Berry John F, DeBeer George Serena, Neese Frank
University of Wisconsin, 1101 University Ave., Madison, WI 53706, USA.
Phys Chem Chem Phys. 2008 Aug 14;10(30):4361-74. doi: 10.1039/b801803k. Epub 2008 Jun 2.
Recent advances in synthetic chemistry have led to the discovery of "superoxidized" iron centers with valencies Fe(v) and Fe(vi) [K. Meyer et al., J. Am. Chem. Soc., 1999, 121, 4859-4876; J. F. Berry et al., Science, 2006, 312, 1937-1941; F. T. de Oliveira et al., Science, 2007, 315, 835-838.]. Furthermore, in recent years a number of high-valent Fe(iv) species have been found as reaction intermediates in metalloenzymes and have also been characterized in model systems [C. Krebs et al., Acc.

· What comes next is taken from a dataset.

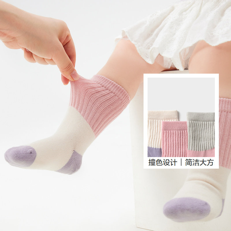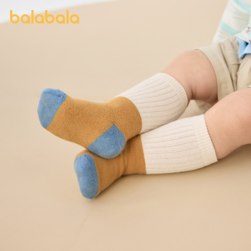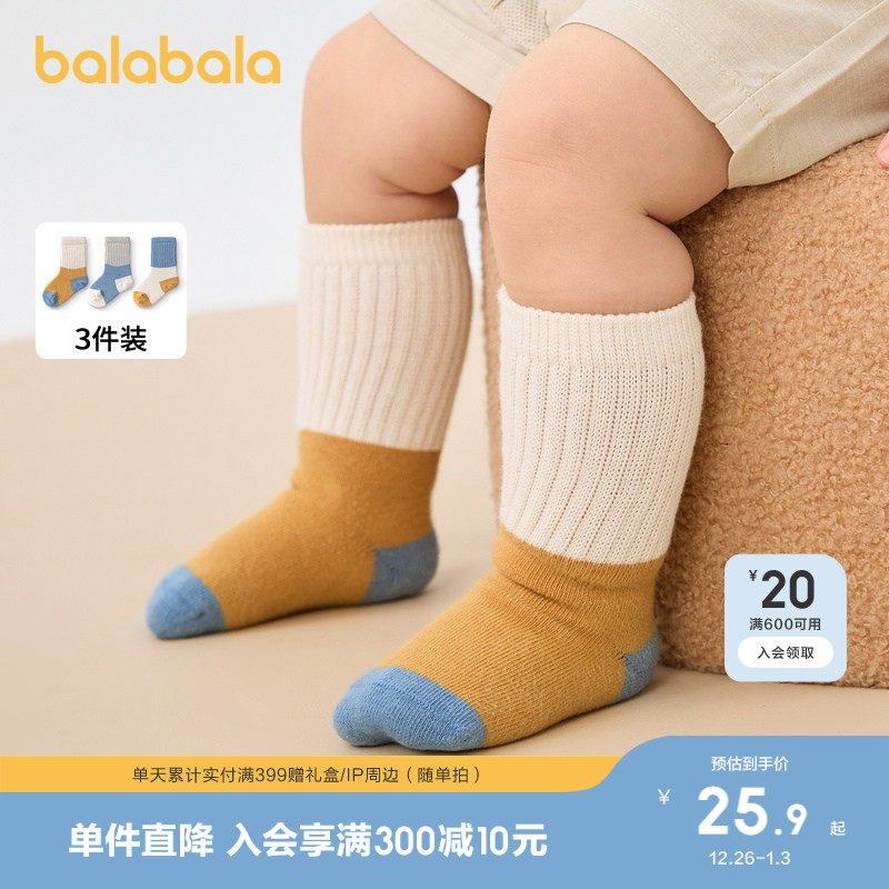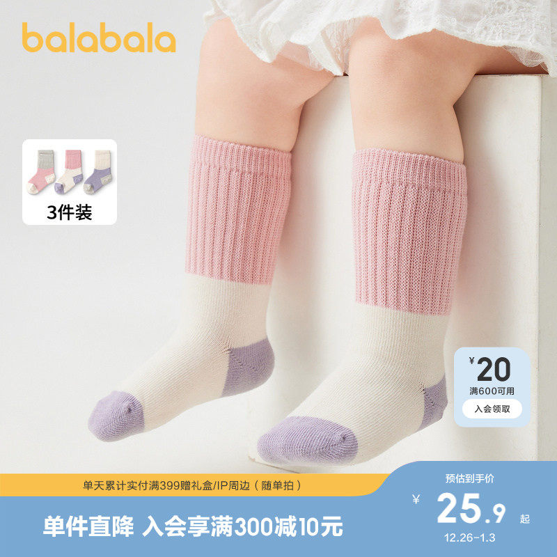 巴拉巴拉宝宝中筒袜子棉春秋男女童新生婴儿童袜拼色不勒腿三双装
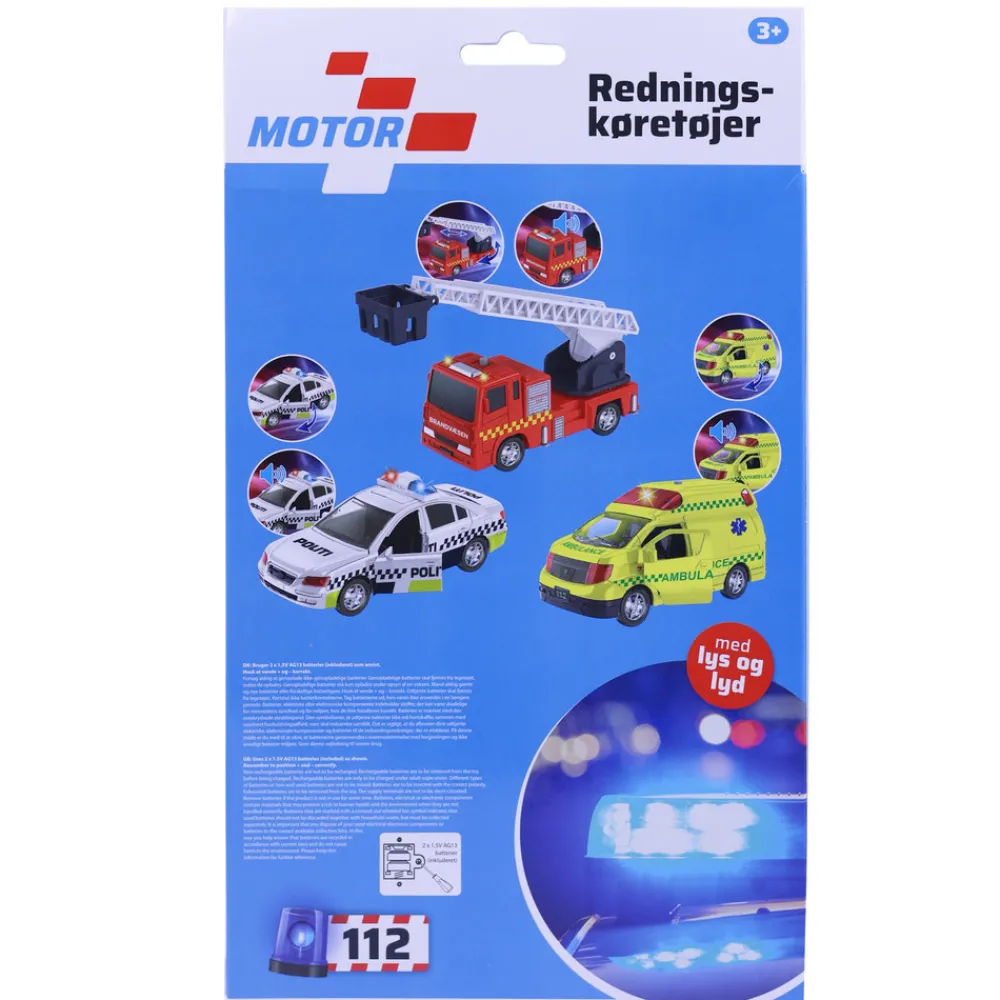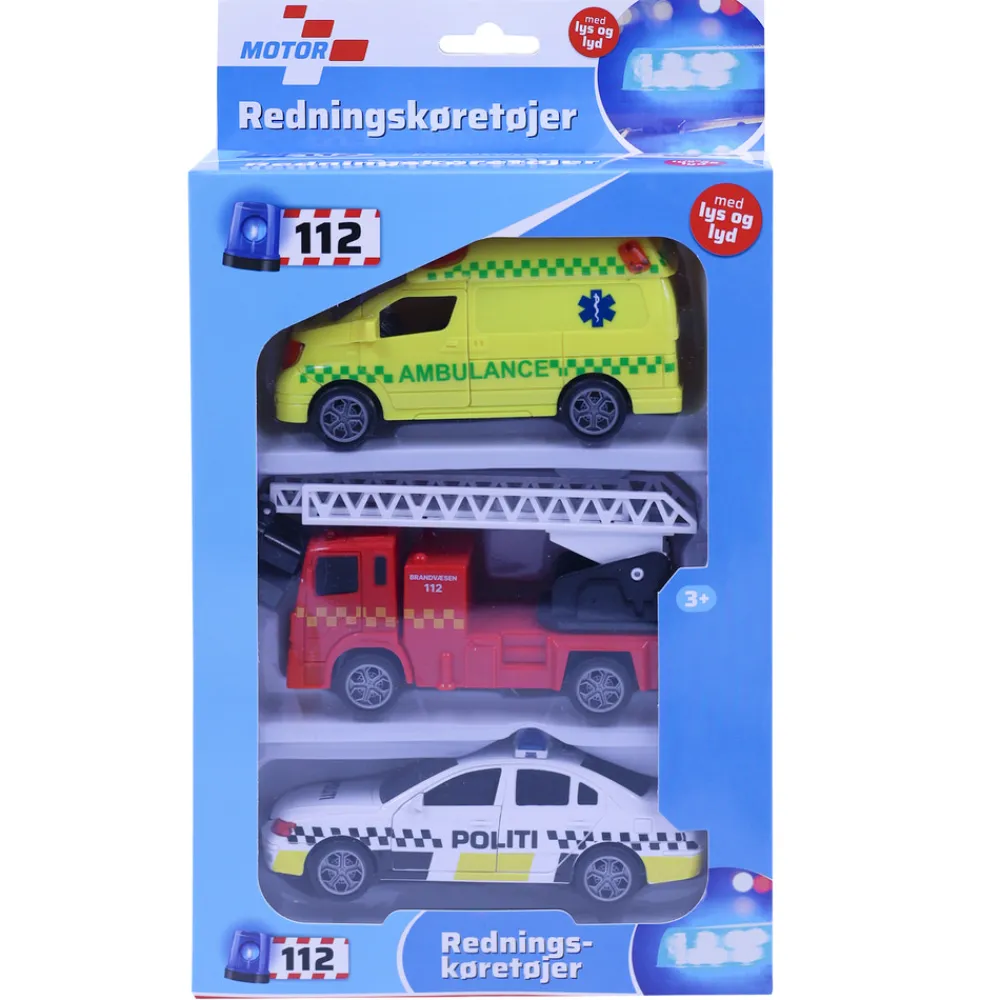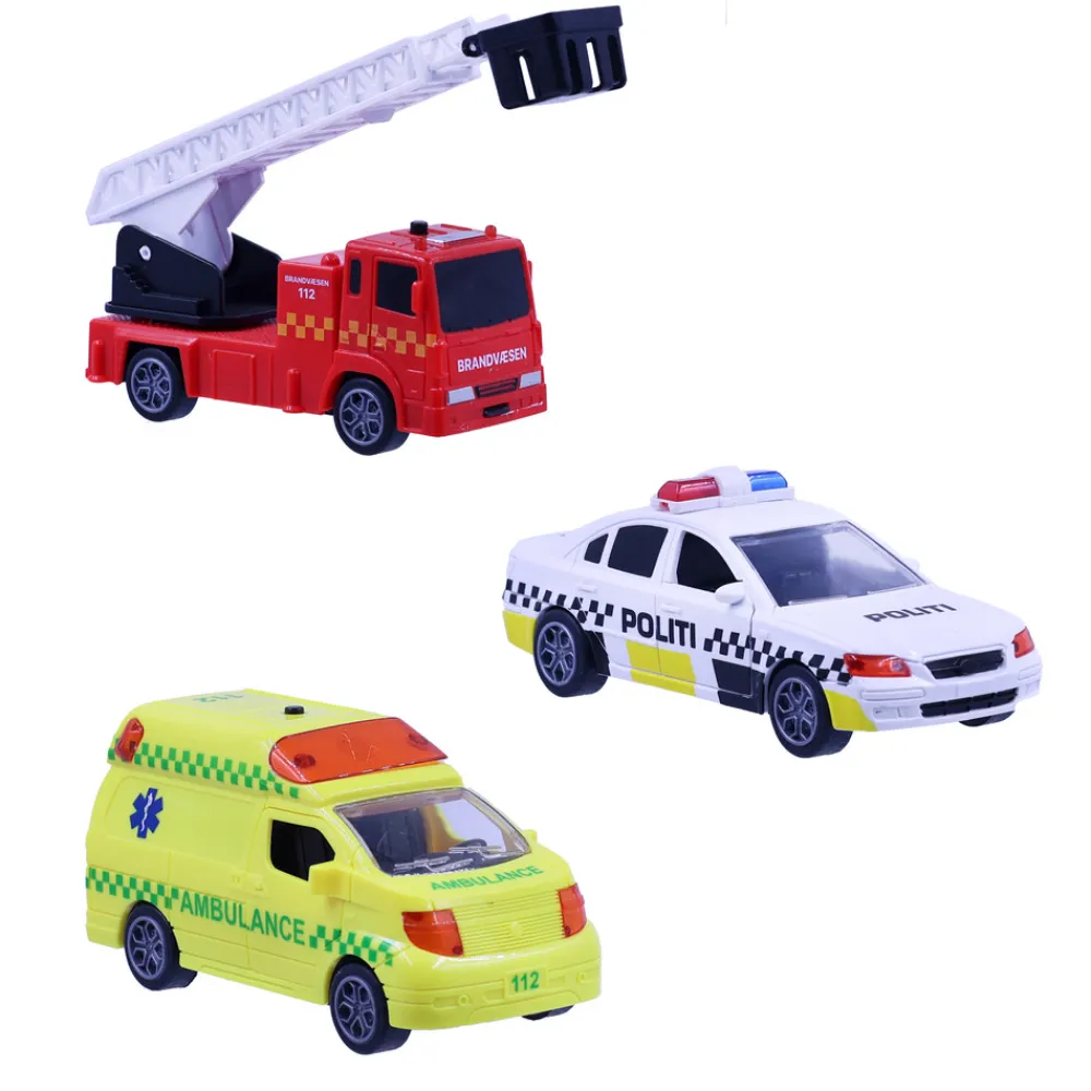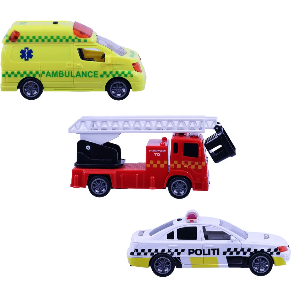 Denne 3-pak byder på mange timers leg og underholdning, og er den perfekte gave til de små poder som elsker udrykningskøretøjer. Pakken indeholder en ambulance, en brandbil og en politibil, der alle er udstyret med lys og lyd samt bevægelige dele. Derudover er køretøjerne også udstyret med pullback-funktion.

Chem. Res., 2007, 40, 484-492; L. Que, Jr, Acc. Chem. Res., 2007, 40, 493-500.]. These species are almost invariably stabilized by a highly basic ligand X(n-) which is either O(2-) or N(3-). The differences in structure and bonding between oxo- and nitrido species as a function of oxidation state and their consequences on the observable spectroscopic properties have never been carefully assessed. Hence, fundamental differences between high-valent iron complexes having either Fe=O or Fe=N multiple bonds have been probed computationally in this work in a series of hypothetical trans-FeO(NH(3))(4)OH (1-3) and trans-FeN(NH(3))(4)OH (4-6) complexes. All computational properties are permeated by the intrinsically more covalent character of the Fe=N multiple bond as compared to the Fe=O bond. This difference is likely due to differences in Z* between N and O that allow for better orbital overlap to occur in the case of the Fe=N multiple bond. Spin-state energetics were addressed using elaborate multireference ab initio computations that show that all species 1-6 have an intrinsic preference for the low-spin state, except in the case of 1 in which S=1 and S=2 states are very close in energy. In addition to Mössbauer parameters, g-tensors, zero-field splitting and iron hyperfine couplings, X-ray absorption Fe K pre-edge spectra have been simulated using time-dependent DFT methods for the first time for a series of compounds spanning the high-valent states +4, +5, and +6 for iron. A remarkably good correlation of these simulated pre-edge features with experimental data on isolated high-valent intermediates has been found, allowing us to assign the main pre-edge features to excitations into the empty Fe d(z(2)) orbital, which is able to mix with Fe 4p(z), allowing an efficient mechanism for the intensification of pre-edge features.
合成化学的最新进展促使人们发现了具有Fe(v)和Fe(vi)价态的“超氧化”铁中心[K. Meyer等人,《美国化学会志》,1999年,121卷,4859 - 4876页;J. F. Berry等人,《科学》,2006年,312卷,1937 - 1941页;F. T. de Oliveira等人,《科学》,2007年,315卷,835 - 838页]。此外,近年来人们发现一些高价Fe(iv)物种作为金属酶中的反应中间体,并且在模型体系中也得到了表征[C. Krebs等人,《化学研究述评》,2007年,40卷,484 - 492页;L. Que, Jr,《化学研究述评》,2007年,40卷,493 - 500页]。这些物种几乎总是由高碱性配体X(n - )稳定,该配体要么是O(2 - )要么是N(3 - )。作为氧化态函数的氧代和氮代物种在结构和键合上的差异及其对可观测光谱性质的影响从未得到仔细评估。因此,在这项工作中,通过计算对一系列假设的反式 - [FeO(NH₃)₄OH](+/2+/3 + ) (1 - 3)和反式 - [FeN(NH₃)₄OH](0/+/2 + ) (4 - 6)配合物中具有Fe = O或Fe = N多重键的高价铁配合物之间的基本差异进行了探究。与Fe = O键相比,Fe = N多重键本质上具有更强的共价性,这渗透在所有计算性质中。这种差异可能是由于N和O之间有效核电荷(Z*)的差异,使得在Fe = N多重键的情况下能够发生更好的轨道重叠。使用精细的多参考从头算计算来研究自旋态能量学,结果表明所有物种1 - 6都对低自旋态有内在偏好,除了1的情况,其中S = 1和S = 2态的能量非常接近。除了穆斯堡尔参数、g张量、零场分裂和铁超精细耦合外,首次使用含时密度泛函理论方法对一系列涵盖铁的 + 4、+ 5和 + 6高价态的化合物模拟了X射线吸收Fe K边前光谱。已发现这些模拟的边前特征与分离的高价中间体的实验数据具有非常好的相关性,这使我们能够将主要的边前特征归因于激发到空的Fe d(z²)轨道,该轨道能够与Fe 4p(z)混合,从而为边前特征的增强提供了一种有效机制。